Mamadou Doucouré

Personal information
- Full name: Mamadou Doucouré
- Date of birth: 21 May 1998 (age 28)
- Place of birth: Dakar, Senegal
- Height: 1.83 m (6 ft 0 in)
- Position: Defender

Youth career
- 2006–2011: Paris
- 2011–2015: Paris Saint-Germain

Senior career*
- Years: Team / Apps / (Gls)
- 2015–2016: Paris Saint-Germain B / 3 / (0)
- 2016–2024: Borussia Mönchengladbach / 2 / (0)
- 2018–2024: Borussia Mönchengladbach II / 29 / (0)

International career^{‡}
- 2013–2014: France U16 / 6 / (0)
- 2014–2015: France U17 / 15 / (1)
- 2015–2016: France U18 / 11 / (1)

= Mamadou Doucouré =

Footballer (born 1998)

Mamadou Doucouré (born 21 May 1998) is a professional footballer who plays as a defender.

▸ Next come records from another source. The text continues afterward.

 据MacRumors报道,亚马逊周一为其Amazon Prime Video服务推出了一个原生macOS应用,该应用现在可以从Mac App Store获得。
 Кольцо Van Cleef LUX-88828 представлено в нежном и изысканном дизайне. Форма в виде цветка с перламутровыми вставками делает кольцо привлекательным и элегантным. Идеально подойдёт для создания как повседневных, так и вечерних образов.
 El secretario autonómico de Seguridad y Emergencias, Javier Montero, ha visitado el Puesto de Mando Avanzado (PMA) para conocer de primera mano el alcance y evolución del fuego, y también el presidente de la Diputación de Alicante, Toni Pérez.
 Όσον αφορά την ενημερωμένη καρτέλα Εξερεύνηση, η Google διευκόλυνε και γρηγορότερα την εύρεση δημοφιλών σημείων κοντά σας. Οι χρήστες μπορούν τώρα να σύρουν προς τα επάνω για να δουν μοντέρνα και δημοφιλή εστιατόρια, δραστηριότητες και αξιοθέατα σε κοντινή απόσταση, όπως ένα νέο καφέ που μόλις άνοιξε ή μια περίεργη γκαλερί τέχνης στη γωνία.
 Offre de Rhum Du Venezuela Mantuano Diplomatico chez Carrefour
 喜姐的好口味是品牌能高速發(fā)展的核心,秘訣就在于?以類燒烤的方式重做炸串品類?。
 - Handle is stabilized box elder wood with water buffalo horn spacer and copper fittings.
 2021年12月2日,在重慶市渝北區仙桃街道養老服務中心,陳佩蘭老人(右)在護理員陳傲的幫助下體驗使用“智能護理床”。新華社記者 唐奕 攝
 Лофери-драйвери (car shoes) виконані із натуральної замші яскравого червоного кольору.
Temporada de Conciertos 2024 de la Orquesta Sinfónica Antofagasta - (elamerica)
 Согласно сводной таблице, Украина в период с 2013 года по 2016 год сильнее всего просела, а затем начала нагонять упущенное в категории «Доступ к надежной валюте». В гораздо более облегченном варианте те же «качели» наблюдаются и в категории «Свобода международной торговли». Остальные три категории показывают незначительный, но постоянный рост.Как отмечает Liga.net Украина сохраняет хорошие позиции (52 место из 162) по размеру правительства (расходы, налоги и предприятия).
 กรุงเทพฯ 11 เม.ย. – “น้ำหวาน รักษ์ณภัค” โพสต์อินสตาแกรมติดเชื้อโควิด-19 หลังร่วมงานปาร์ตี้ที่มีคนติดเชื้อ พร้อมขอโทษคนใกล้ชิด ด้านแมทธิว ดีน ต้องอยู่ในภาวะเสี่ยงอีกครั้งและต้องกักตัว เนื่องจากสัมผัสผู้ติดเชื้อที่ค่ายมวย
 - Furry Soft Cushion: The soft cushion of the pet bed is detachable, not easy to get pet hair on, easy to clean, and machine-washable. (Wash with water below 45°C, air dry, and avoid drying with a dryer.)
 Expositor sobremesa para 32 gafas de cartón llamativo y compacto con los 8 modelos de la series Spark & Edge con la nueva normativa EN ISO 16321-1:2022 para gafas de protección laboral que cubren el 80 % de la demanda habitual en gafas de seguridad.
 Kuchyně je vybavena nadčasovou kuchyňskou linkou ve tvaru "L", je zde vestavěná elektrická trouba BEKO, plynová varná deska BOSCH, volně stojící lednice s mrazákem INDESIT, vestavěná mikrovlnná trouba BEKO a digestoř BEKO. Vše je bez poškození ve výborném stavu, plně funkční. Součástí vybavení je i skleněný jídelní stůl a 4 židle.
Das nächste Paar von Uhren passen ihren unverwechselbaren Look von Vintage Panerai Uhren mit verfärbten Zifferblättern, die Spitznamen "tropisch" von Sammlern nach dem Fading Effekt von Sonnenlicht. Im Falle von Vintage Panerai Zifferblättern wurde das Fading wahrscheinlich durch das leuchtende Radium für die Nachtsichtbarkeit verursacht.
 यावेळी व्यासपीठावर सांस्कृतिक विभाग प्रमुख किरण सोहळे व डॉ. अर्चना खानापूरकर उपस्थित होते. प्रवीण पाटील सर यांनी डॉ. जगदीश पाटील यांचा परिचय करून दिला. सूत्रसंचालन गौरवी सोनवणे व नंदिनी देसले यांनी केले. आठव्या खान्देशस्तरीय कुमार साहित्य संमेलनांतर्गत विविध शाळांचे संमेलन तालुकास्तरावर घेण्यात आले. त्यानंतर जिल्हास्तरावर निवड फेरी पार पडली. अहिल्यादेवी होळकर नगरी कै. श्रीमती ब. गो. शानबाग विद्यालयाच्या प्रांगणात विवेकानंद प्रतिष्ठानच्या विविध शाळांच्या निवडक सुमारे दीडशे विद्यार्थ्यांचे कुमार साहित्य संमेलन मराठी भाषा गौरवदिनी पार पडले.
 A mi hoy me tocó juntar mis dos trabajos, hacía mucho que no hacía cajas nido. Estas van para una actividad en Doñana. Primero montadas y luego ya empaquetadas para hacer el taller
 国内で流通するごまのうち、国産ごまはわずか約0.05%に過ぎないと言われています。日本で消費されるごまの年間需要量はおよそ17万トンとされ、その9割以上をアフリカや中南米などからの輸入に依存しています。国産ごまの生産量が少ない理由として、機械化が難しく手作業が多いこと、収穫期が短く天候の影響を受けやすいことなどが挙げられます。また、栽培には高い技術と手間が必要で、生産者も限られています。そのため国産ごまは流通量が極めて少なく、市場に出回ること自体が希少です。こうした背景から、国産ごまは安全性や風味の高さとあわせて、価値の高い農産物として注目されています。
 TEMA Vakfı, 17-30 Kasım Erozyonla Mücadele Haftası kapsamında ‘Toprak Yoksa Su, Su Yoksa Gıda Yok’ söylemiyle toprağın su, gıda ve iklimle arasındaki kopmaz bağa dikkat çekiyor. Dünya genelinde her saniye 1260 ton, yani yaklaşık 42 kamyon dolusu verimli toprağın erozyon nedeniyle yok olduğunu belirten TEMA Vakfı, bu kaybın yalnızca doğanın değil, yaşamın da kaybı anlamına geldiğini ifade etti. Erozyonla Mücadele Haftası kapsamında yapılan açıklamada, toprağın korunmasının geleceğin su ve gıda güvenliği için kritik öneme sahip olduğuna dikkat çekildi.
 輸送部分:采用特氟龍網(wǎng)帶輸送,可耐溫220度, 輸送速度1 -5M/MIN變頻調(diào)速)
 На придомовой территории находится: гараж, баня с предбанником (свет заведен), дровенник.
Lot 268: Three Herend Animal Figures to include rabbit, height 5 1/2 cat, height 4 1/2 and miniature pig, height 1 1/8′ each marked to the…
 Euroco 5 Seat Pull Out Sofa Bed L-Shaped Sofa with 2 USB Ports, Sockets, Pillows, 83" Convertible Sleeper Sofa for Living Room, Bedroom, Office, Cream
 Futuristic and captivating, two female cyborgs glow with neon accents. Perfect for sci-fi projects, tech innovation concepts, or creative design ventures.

Born in Senegal, Doucouré has represented France internationally at youth levels.

==Club career==
Doucouré joined Borussia Mönchengladbach from Paris Saint-Germain in 2016. Having failed to make an appearance due to numerous injuries over his first four seasons at the club, he finally made his professional debut for Mönchengladbach in the Bundesliga on 31 May 2020. He came on as a 90th minute substitute for Florian Neuhaus in the home match against Union Berlin, which finished as a 4–1 win. Doucouré's time at Borussia Mönchengladbach was overshadowed by injuries, having only made 2 league appearances over 8 years at the club.

==Personal life==
Doucouré was born in Dakar, Senegal. He has represented France at their under-16, under-17, and under-18 levels.